From making tax-saving investments and submitting proofs to reviewing home loan interest and capital gains, here are important steps to avoid last-minute tax issues
March 15, 2026 / 09:14 IST
march 31 deadline
Snapshot AI
  • Make tax-saving investments by March 31 for FY 2024–25.
  • Submit investment proofs to employers to avoid higher TDS
  • Review documents and finances to avoid errors and missed deductions.

As the financial year approaches its end on March 31, taxpayers and salaried individuals are advised to complete several important financial tasks to maximise tax savings and avoid compliance-related issues.

Financial experts note that reviewing documents, confirming deductions and checking insurance coverage before the deadline can help individuals prevent higher tax deductions and unexpected financial complications.

Advance tax deadline

One of the key dates to watch is March 15, which is the last day to pay the final instalment of advance tax for FY 2025–26. Taxpayers whose estimated tax liability exceeds Rs 10,000 must ensure timely payment to avoid interest charges on the outstanding amount.

Senior citizens aged 60 years or above are exempt from paying advance tax if they do not have income from business or profession during the financial year. However, senior citizens who earn income from a business or profession are required to pay advance tax.

Investing for tax deduction:

Investors must make tax-saving investments before March 31 to claim deductions for the financial year 2024–25. Investments made after this date will only be eligible for tax deductions in the next financial year, 2025–26.

Taxpayers opting for the old tax regime can invest in instruments such as the Provident Fund (PPF), Sukanya Samriddhi Account (SSA), and the National Pension System (NPS) to claim tax benefits under Section 80C of the Income Tax Act, 1961.

It is important to note that deductions under sections such as 80C, 80D and 80G are available only under the old tax regime and not under the new tax regime.

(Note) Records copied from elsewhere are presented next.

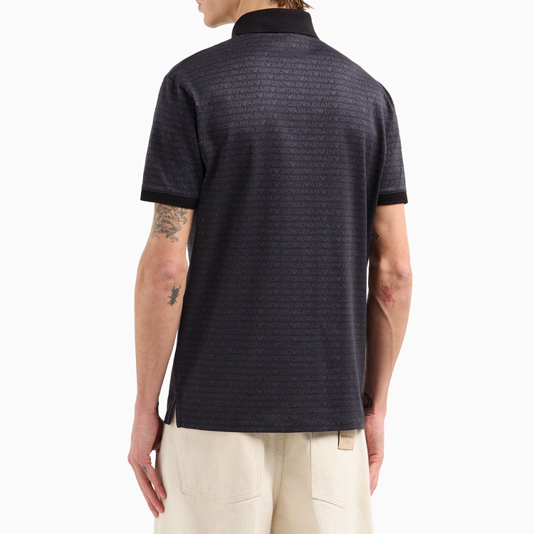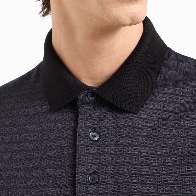 ピュアコットンのジャカードジャージーで仕立てたポロシャツ。全体にロゴレタリングをあしらった、高密度のモノクロパターンが特徴のテクスチャーです。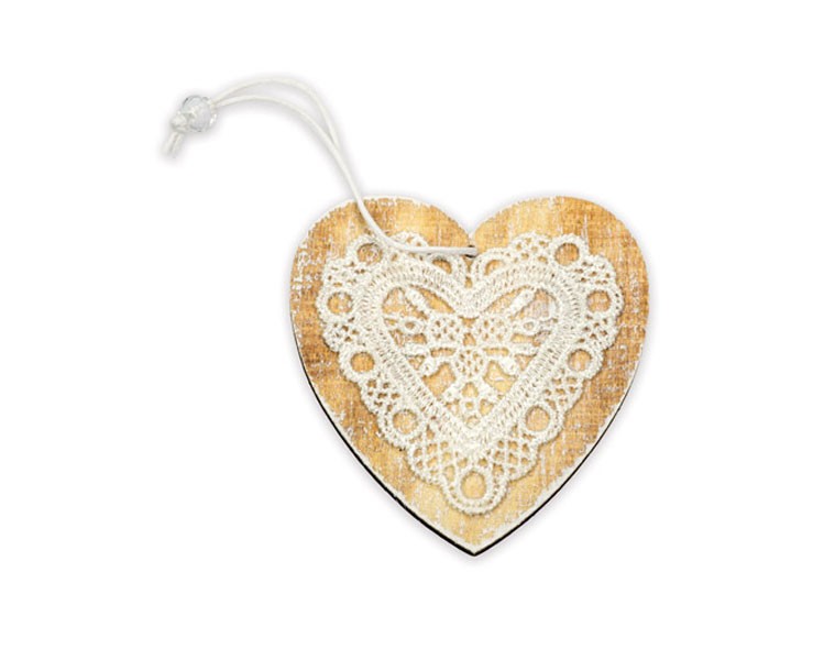 Questo elemento decorativo della linea Baratti fonde sapientemente la matericità del legno naturale con la finezza del pizzo, creando un contrasto armonioso ideale per cerimonie eleganti e dallo stile "shabby chic". Il cuore, simbolo universale d'amore, viene qui reinterpretato come un piccolo oggetto d'arte artigianale.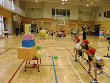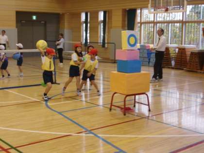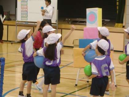 今回は、ボールなげゲーム「ねらえ!たおせ!まとあてゲーム」。的に向かって思い切りボールを投げる、友達と協力してゲームを楽しむことをめあてに行いました。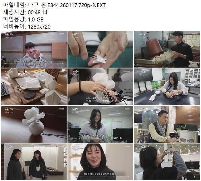 | 다큐 온.E344.260117.720p-NEXT.mp4 | 1 G | 00:48:14 | 1280x720 |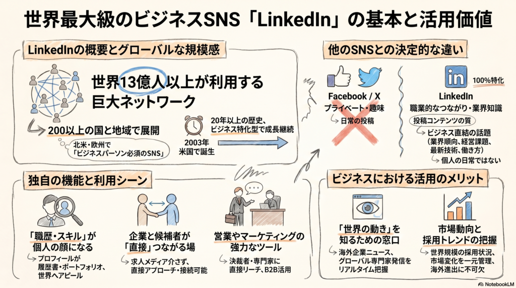 LinkedInは、世界で13億人以上が利用するビジネス特化型SNSです。2003年に米国で誕生し、現在は200以上の国と地域で展開されています。特に北米や欧州では「ビジネスパーソンなら必ず使うSNS」として認知されており、採用、人材ネットワーク、営業、情報収集など、多様な場面で欠かせない存在となっています。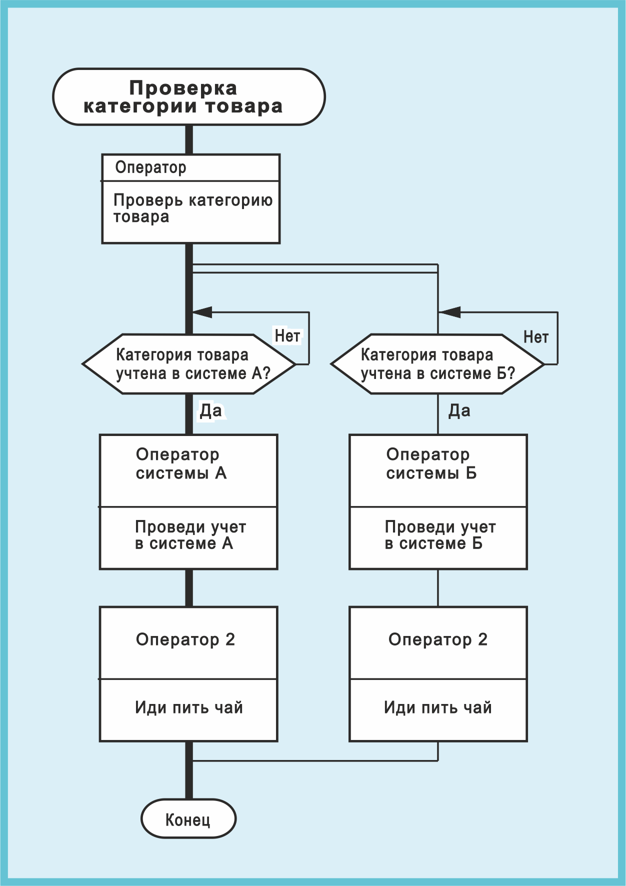 Правильно я понимаю, что Оператор 2 пойдет пить чай только тогда, когда оба Оператора (А и Б) поработают, например, в случае, если товар категории учета и А и Б?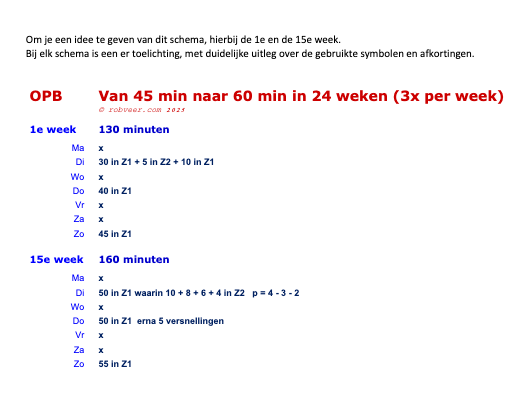 Dit schema is geschikt voor hardlopers die zonder problemen 45 minuten onafgebroken kunnen hardlopen. Elke week worden er drie hardlooptrainingen gedaan. In 24 weken werk je toe naar een niveau waarop je 60 minuten onafgebroken kunt hardlopen. Wil je wat sneller opbouwen, kies dan de variant ‘in 18 weken’.
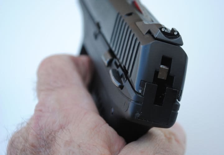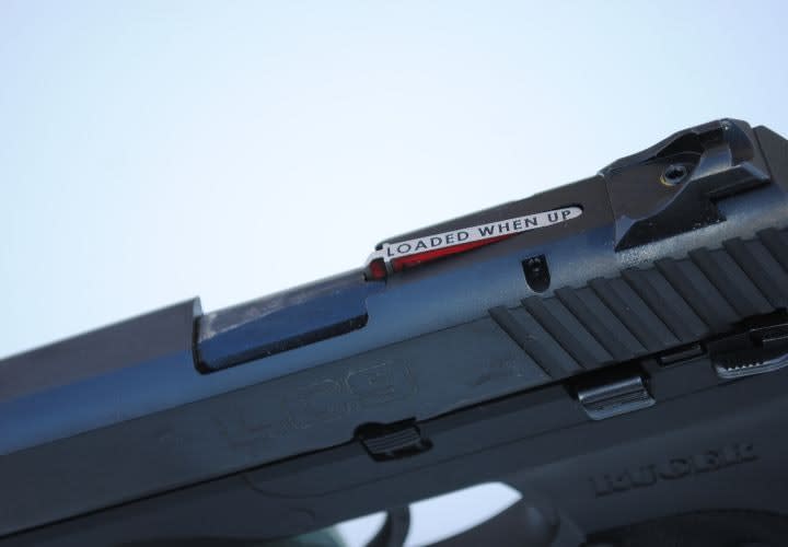A small cutout at the rear of the chamber also allows the shooter to verify if the pistol is loaded.

Therefore, taxpayers opting for the new tax regime for FY 2024–25 are not required to make investments solely for tax-saving purposes.

Submit investment proofs to your employer

Employees who declared tax-saving investments earlier in the financial year must submit the supporting documents to their employer before the payroll cut-off date.

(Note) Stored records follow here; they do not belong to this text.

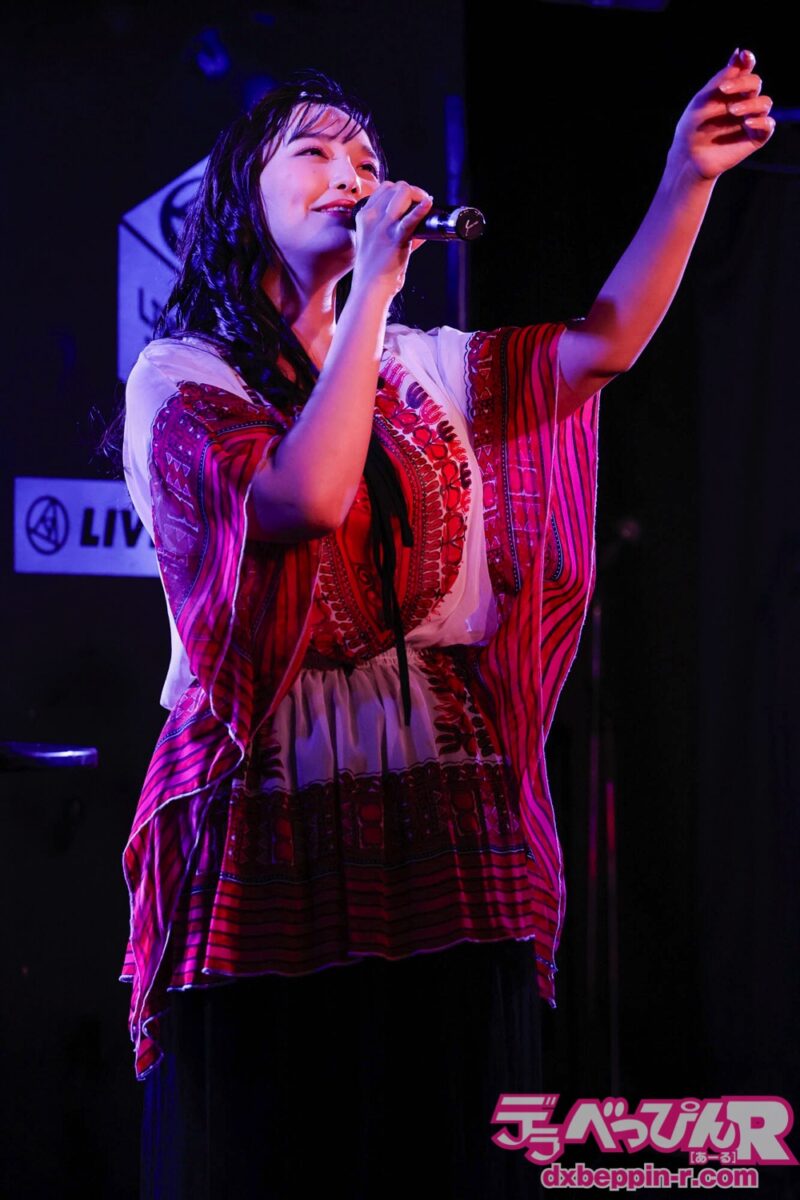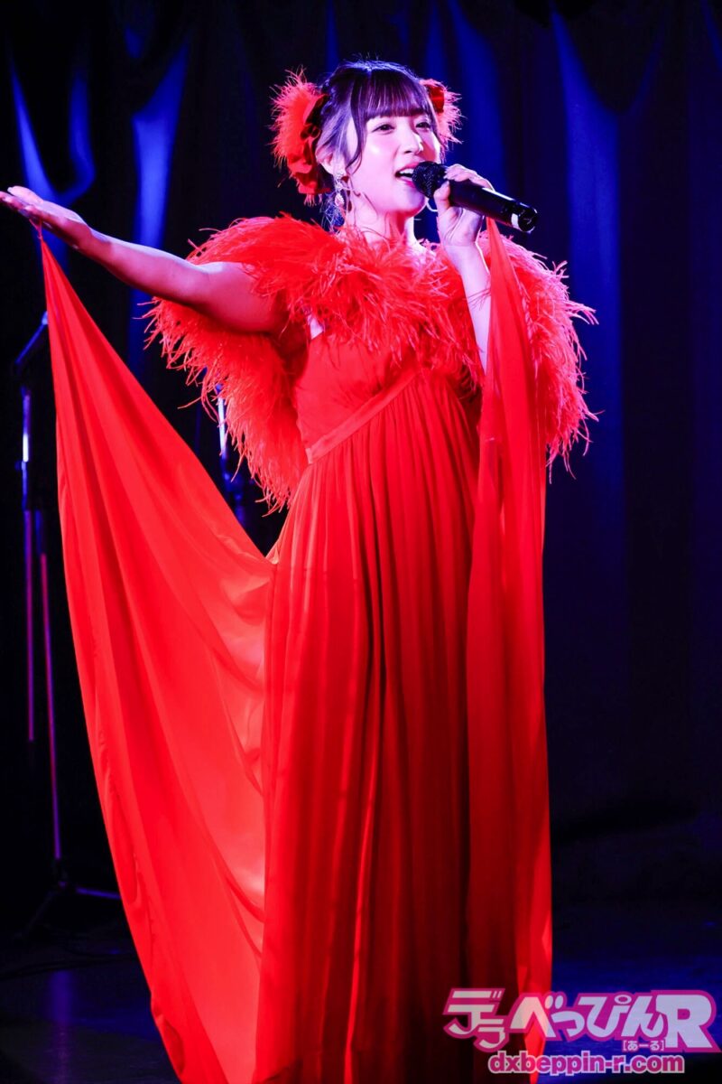 彩ちゃんは2000年代のカリスマアーティストの曲を歌い、会場を盛り上げます。曲後は「ノリノリで歌いました」と笑顔でコメント。
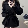 Женский маленький черный двубортный тренч - осенне-зимний стиль с акцентом на талии — купить товар онлайн с бесплатной доставкой по всему миру!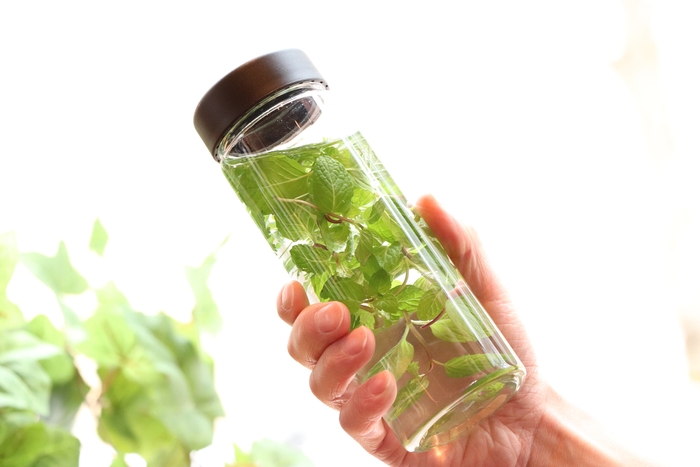 森の心身調律では、「軽井沢星野エリア ハルニレテラス」内にある「ココペリ」が考案したオリジナルドリンクを提供します。静の心身調律は、運動後に飲む、野菜や果物が入ったグリーンスムージー、動の心身調律は、運動中に喉を潤す、ミントが入ったハーブウォーターです。

If the proofs are not submitted in time, the employer may deduct a higher amount of tax at source (TDS) from the salary during the remaining months of the financial year.

Home loan interest

Individuals with a home loan should download the annual statement or interest certificate from their bank. Under Section 24(b), taxpayers can claim a deduction of up to Rs 2 lakh on home loan interest. Deductions on principal repayment are available under Section 80C.

Claim deduction for health insurance under Section 80D

Under Section 80D of the Income Tax Act, 1961, taxpayers can claim deductions for premiums paid towards health insurance policies. A deduction of up to Rs 25,000 can be claimed for premiums paid for self and family (Rs 50,000 if the insured person is aged 60 years or above). For parents, a deduction of up to Rs 75,000 can be claimed (Rs 50,000 if the insured parent is aged 60 years or above).

Option of tax gain harvesting

Investors holding equity shares or equity mutual funds for more than one year can consider tax gain harvesting. Under Section 112A, long-term capital gains of up to Rs 1.25 lakh from listed shares and equity mutual funds are exempt from tax.

Taxpayers should periodically review their tax position to optimise their capital gains outgo. “If no long-term capital gains are realised during the year, the annual exemption limit of Rs 1,25,000 may go unutilised. Therefore, a taxpayer may consider rebalancing the portfolio by realising long-term capital gains up to Rs 1,25,000 without attracting any tax liability,” said Gopal Bohra, Partner -Tax, NA Shah Associates.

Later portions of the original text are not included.